Task requirements ::
All entries below are to be written out again exactly, but no picture is to be copied.

Stored items from a collection ::
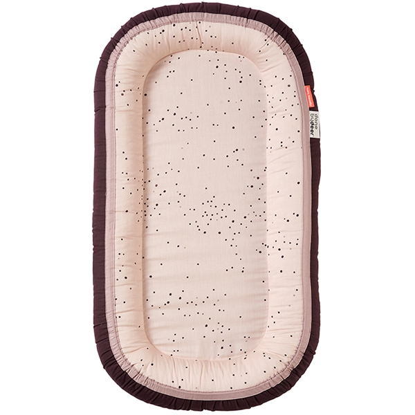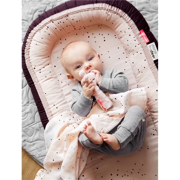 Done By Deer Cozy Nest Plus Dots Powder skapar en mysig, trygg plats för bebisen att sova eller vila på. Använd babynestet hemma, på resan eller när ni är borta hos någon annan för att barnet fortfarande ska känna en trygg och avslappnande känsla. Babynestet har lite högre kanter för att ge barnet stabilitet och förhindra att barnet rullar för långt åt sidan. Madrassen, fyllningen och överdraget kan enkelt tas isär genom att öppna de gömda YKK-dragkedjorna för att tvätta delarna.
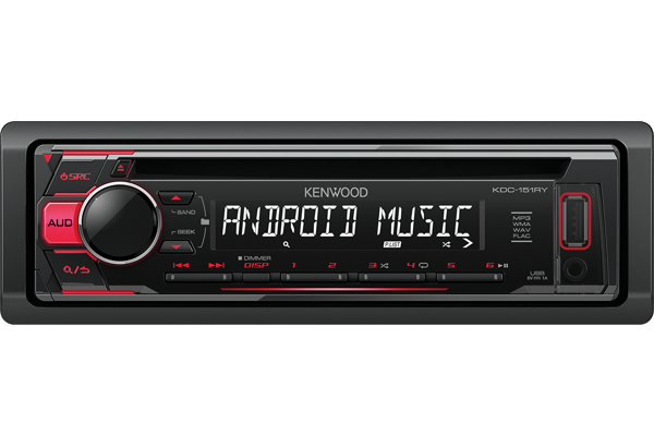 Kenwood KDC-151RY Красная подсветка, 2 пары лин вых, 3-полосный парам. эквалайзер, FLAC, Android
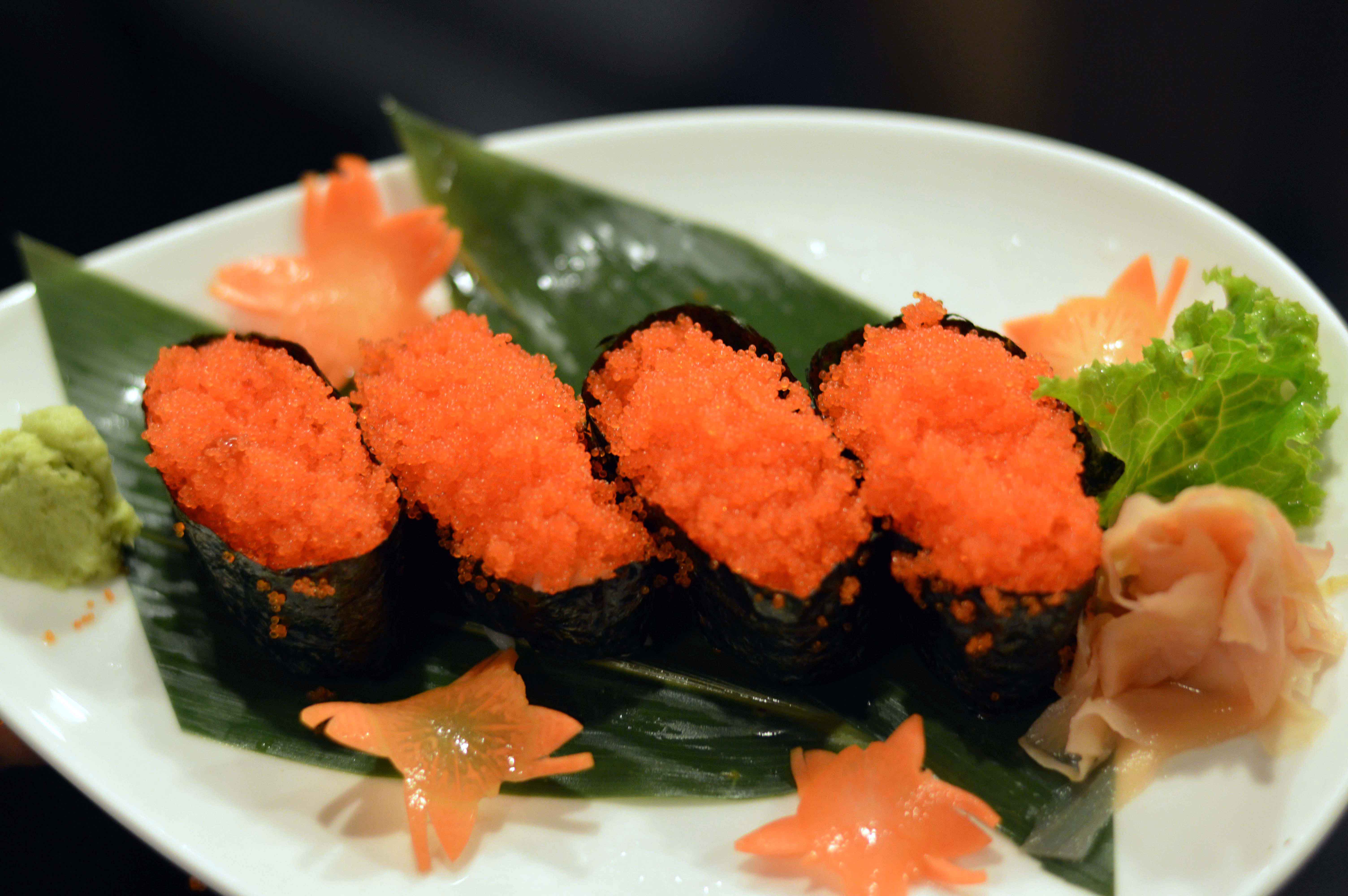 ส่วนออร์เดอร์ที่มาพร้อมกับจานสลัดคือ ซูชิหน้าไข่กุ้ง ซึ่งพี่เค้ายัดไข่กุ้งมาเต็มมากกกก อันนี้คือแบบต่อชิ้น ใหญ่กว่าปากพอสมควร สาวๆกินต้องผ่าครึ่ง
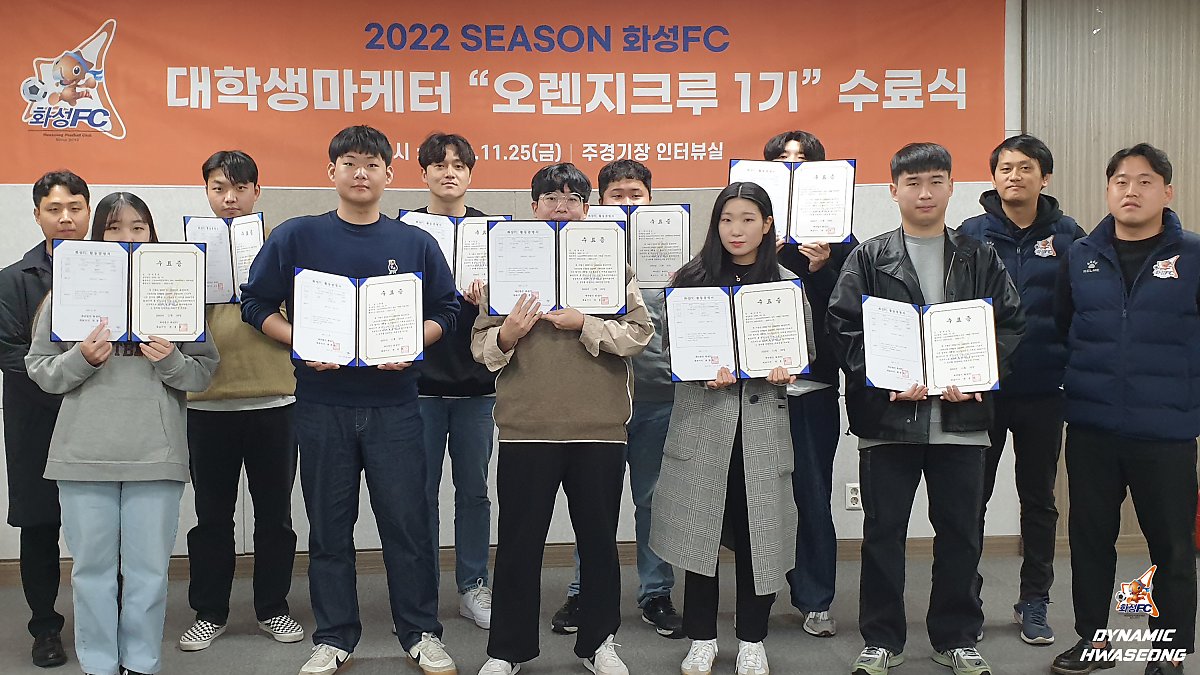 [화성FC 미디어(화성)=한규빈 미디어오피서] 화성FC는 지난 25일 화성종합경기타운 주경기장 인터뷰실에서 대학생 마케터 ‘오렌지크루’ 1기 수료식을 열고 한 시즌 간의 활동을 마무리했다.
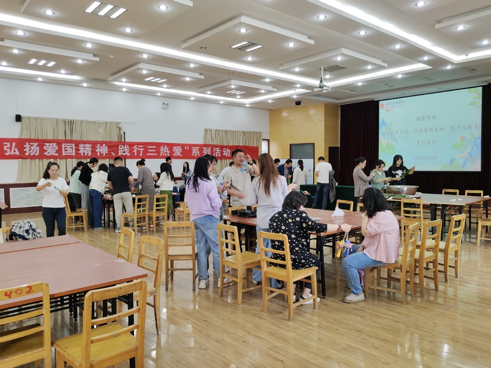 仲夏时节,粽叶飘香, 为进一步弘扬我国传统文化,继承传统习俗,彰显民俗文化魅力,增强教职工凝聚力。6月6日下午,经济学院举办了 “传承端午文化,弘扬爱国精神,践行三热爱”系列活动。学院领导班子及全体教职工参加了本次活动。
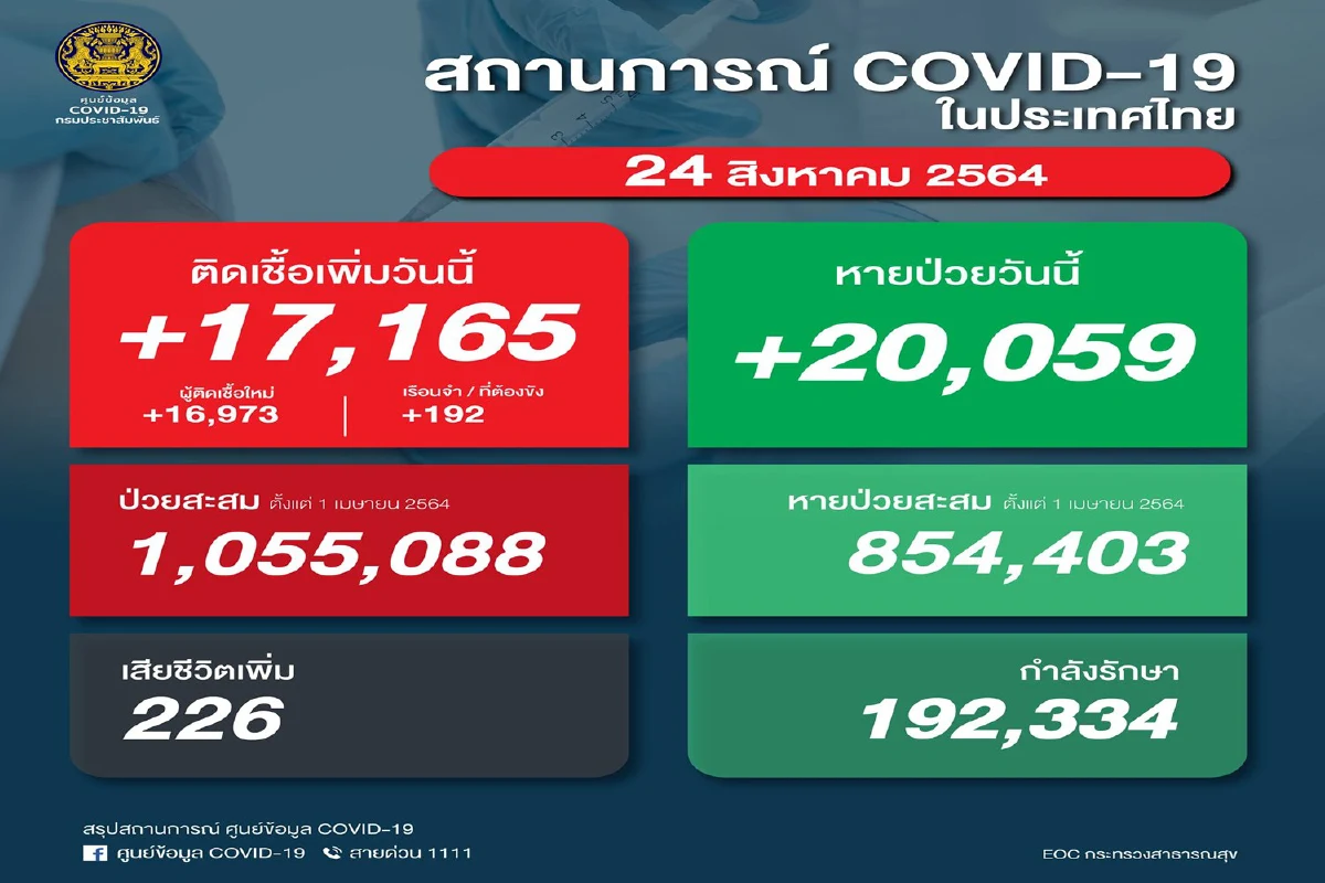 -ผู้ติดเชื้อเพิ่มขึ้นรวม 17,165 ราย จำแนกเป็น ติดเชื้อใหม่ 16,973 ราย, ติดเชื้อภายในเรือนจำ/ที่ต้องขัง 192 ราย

Written solution ::
 Done By Deer Cozy Nest Plus Dots Powder skapar en mysig, trygg plats för bebisen att sova eller vila på. Använd babynestet hemma, på resan eller när ni är borta hos någon annan för att barnet fortfarande ska känna en trygg och avslappnande känsla. Babynestet har lite högre kanter för att ge barnet stabilitet och förhindra att barnet rullar för långt åt sidan. Madrassen, fyllningen och överdraget kan enkelt tas isär genom att öppna de gömda YKK-dragkedjorna för att tvätta delarna.
 Kenwood KDC-151RY Красная подсветка, 2 пары лин вых, 3-полосный парам. эквалайзер, FLAC, Android
 ส่วนออร์เดอร์ที่มาพร้อมกับจานสลัดคือ ซูชิหน้าไข่กุ้ง ซึ่งพี่เค้ายัดไข่กุ้งมาเต็มมากกกก อันนี้คือแบบต่อชิ้น ใหญ่กว่าปากพอสมควร สาวๆกินต้องผ่าครึ่ง
 [화성FC 미디어(화성)=한규빈 미디어오피서] 화성FC는 지난 25일 화성종합경기타운 주경기장 인터뷰실에서 대학생 마케터 ‘오렌지크루’ 1기 수료식을 열고 한 시즌 간의 활동을 마무리했다.
 仲夏时节,粽叶飘香, 为进一步弘扬我国传统文化,继承传统习俗,彰显民俗文化魅力,增强教职工凝聚力。6月6日下午,经济学院举办了 “传承端午文化,弘扬爱国精神,践行三热爱”系列活动。学院领导班子及全体教职工参加了本次活动。
 -ผู้ติดเชื้อเพิ่มขึ้นรวม 17,165 ราย จำแนกเป็น ติดเชื้อใหม่ 16,973 ราย, ติดเชื้อภายในเรือนจำ/ที่ต้องขัง 192 ราย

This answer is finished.